Task details: Look in the data below for the line that has "The diara top", then print exactly every line from there through the line that has "為進(jìn)一步保障內(n", leaving pictures out.

Data shown:
—————
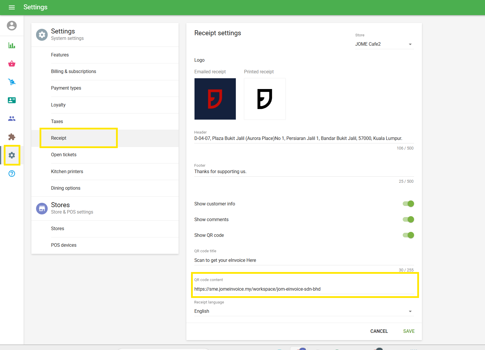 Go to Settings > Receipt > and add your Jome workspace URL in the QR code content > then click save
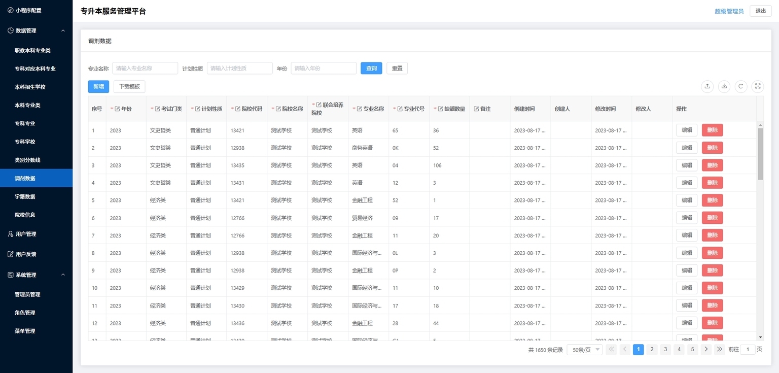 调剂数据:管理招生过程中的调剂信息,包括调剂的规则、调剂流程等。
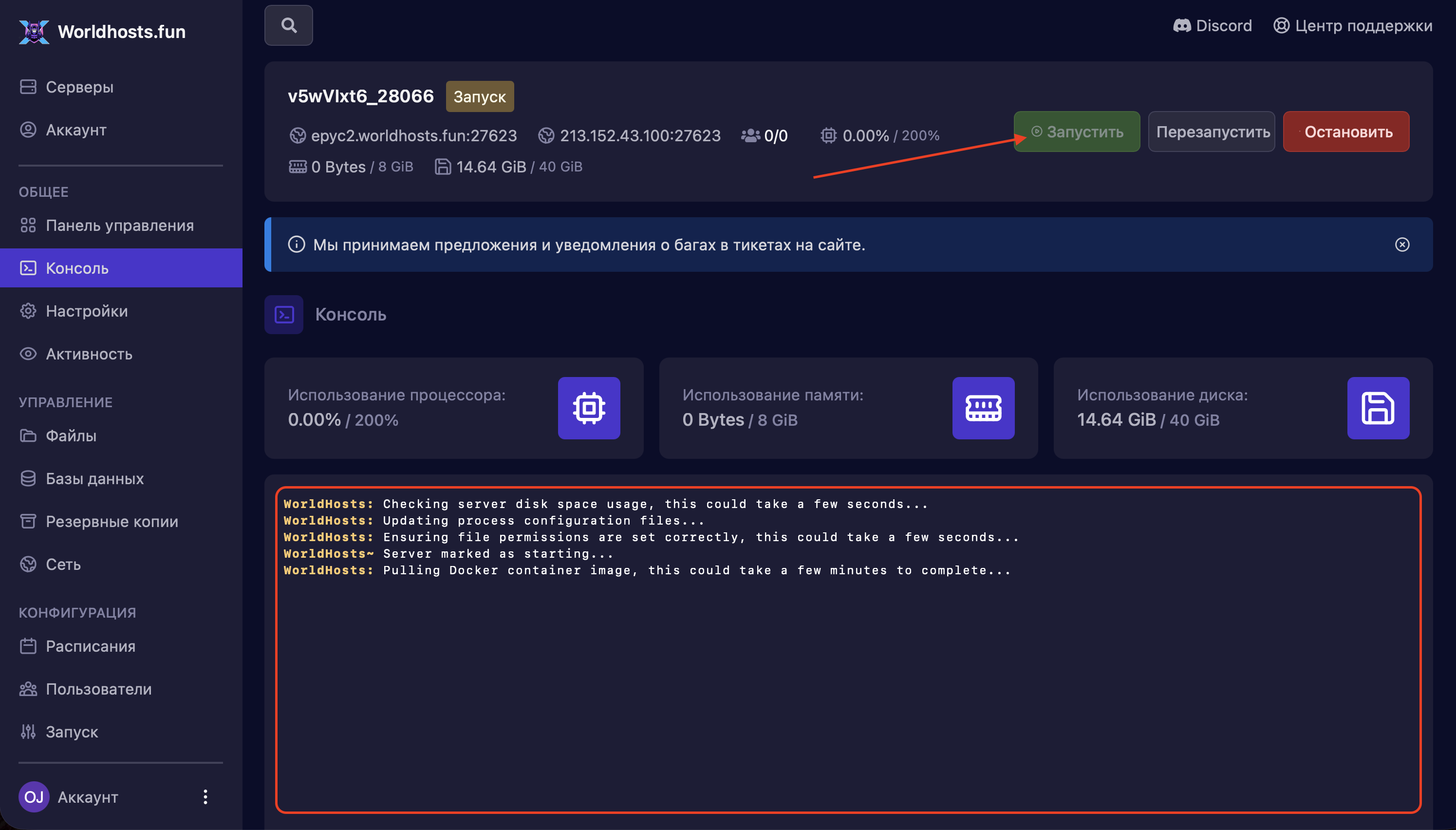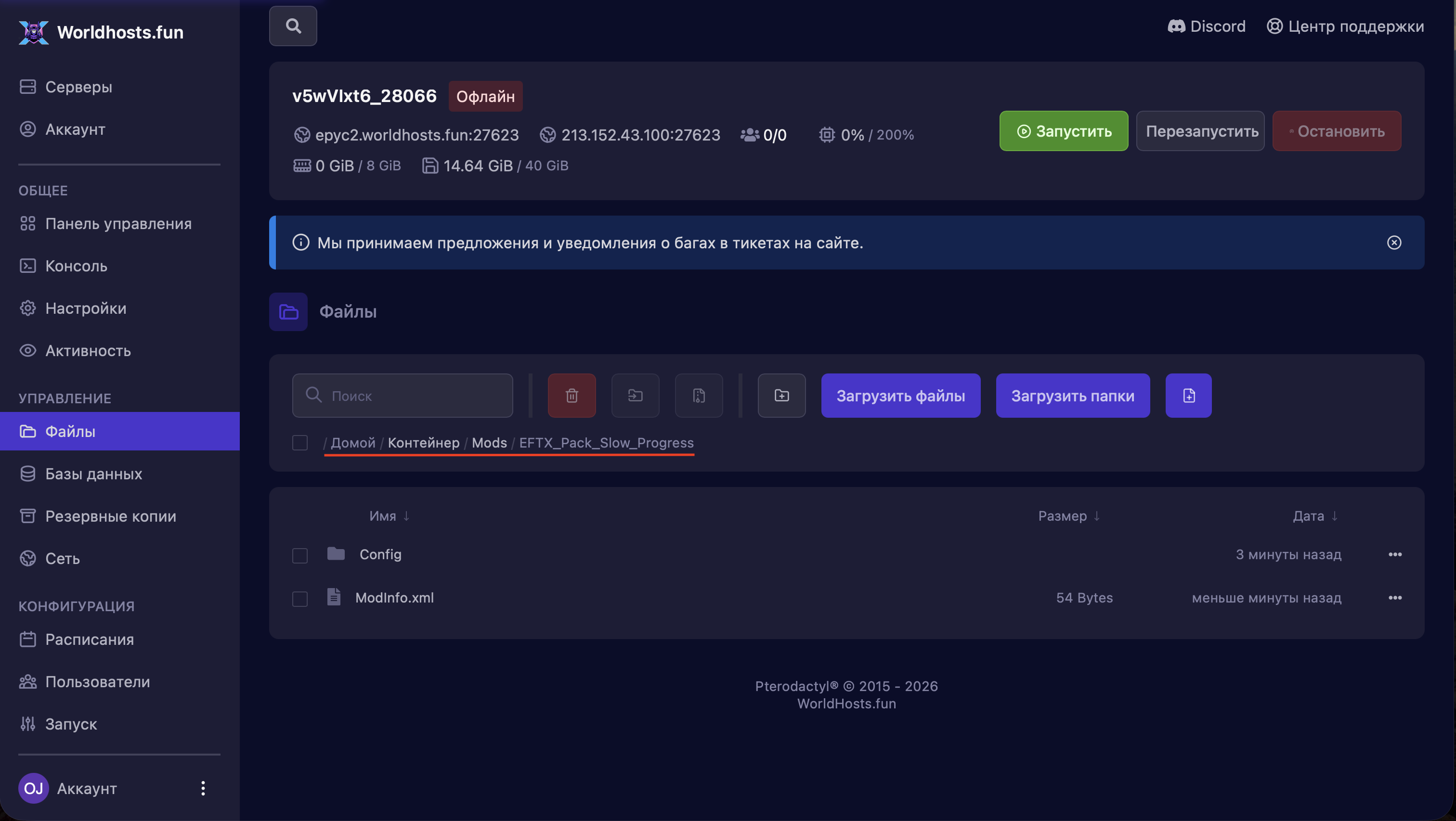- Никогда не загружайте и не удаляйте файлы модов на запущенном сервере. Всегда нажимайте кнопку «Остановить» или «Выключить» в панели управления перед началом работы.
—————
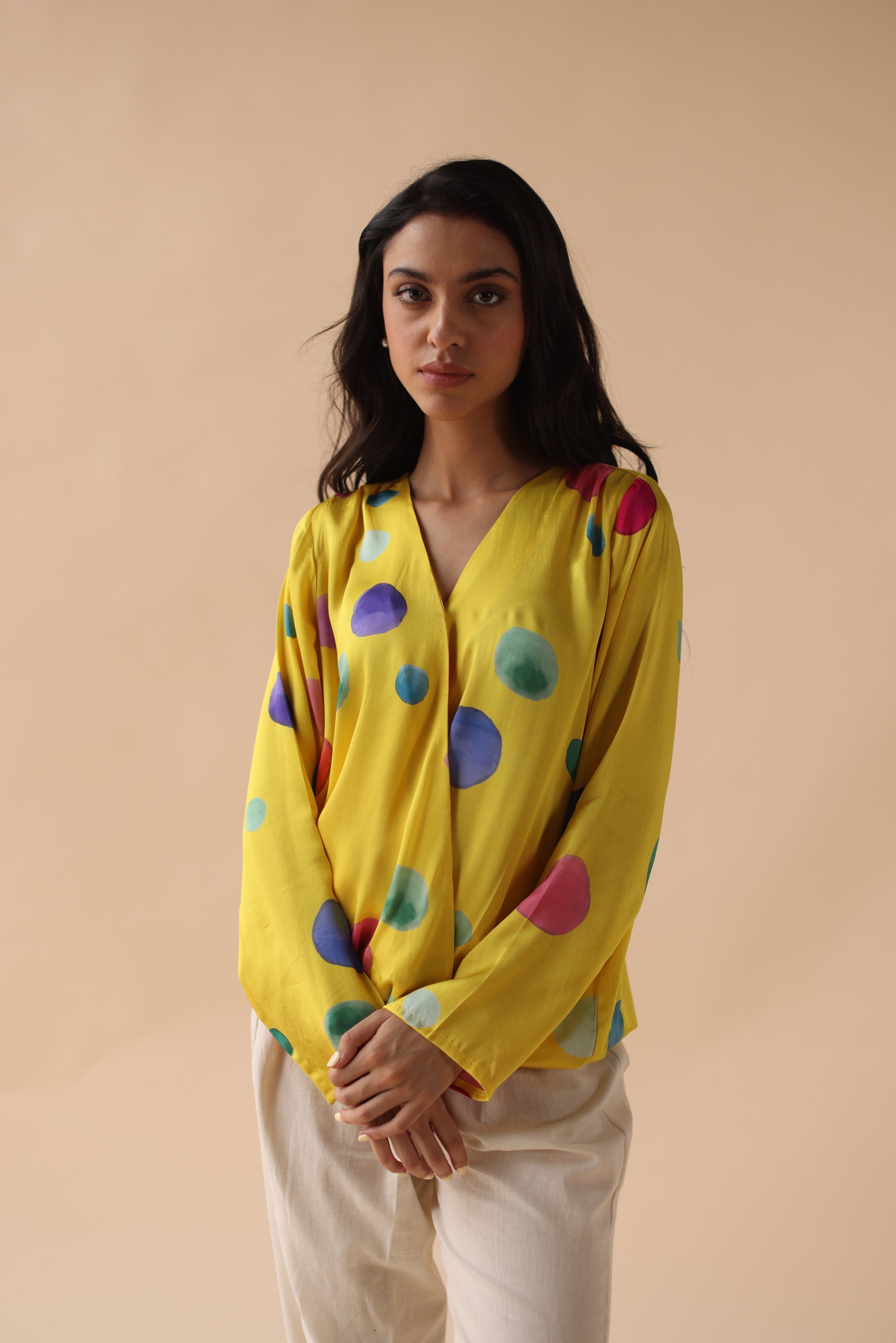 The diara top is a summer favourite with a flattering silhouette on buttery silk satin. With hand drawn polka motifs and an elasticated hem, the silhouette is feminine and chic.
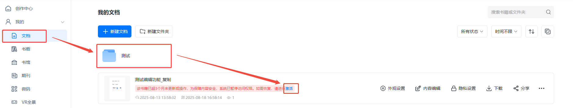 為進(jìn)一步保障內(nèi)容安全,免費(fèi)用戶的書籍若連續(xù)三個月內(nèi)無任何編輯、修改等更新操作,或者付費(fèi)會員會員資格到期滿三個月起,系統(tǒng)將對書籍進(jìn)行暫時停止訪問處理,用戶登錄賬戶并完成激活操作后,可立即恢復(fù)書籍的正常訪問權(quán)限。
—————
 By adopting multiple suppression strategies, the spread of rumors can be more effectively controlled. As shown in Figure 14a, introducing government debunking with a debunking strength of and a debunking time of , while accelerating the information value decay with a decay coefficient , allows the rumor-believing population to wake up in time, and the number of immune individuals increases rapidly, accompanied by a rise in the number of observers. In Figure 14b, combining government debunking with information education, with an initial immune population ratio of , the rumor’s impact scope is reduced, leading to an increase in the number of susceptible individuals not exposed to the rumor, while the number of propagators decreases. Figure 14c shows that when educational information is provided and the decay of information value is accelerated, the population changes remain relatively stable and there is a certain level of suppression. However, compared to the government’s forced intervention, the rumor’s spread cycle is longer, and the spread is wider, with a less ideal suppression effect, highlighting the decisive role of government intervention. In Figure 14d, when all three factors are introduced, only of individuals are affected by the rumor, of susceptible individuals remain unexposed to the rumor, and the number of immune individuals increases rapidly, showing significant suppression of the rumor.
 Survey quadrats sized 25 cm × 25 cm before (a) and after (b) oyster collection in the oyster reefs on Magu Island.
—————
Result below:
 The diara top is a summer favourite with a flattering silhouette on buttery silk satin. With hand drawn polka motifs and an elasticated hem, the silhouette is feminine and chic.
 為進(jìn)一步保障內(nèi)容安全,免費(fèi)用戶的書籍若連續(xù)三個月內(nèi)無任何編輯、修改等更新操作,或者付費(fèi)會員會員資格到期滿三個月起,系統(tǒng)將對書籍進(jìn)行暫時停止訪問處理,用戶登錄賬戶并完成激活操作后,可立即恢復(fù)書籍的正常訪問權(quán)限。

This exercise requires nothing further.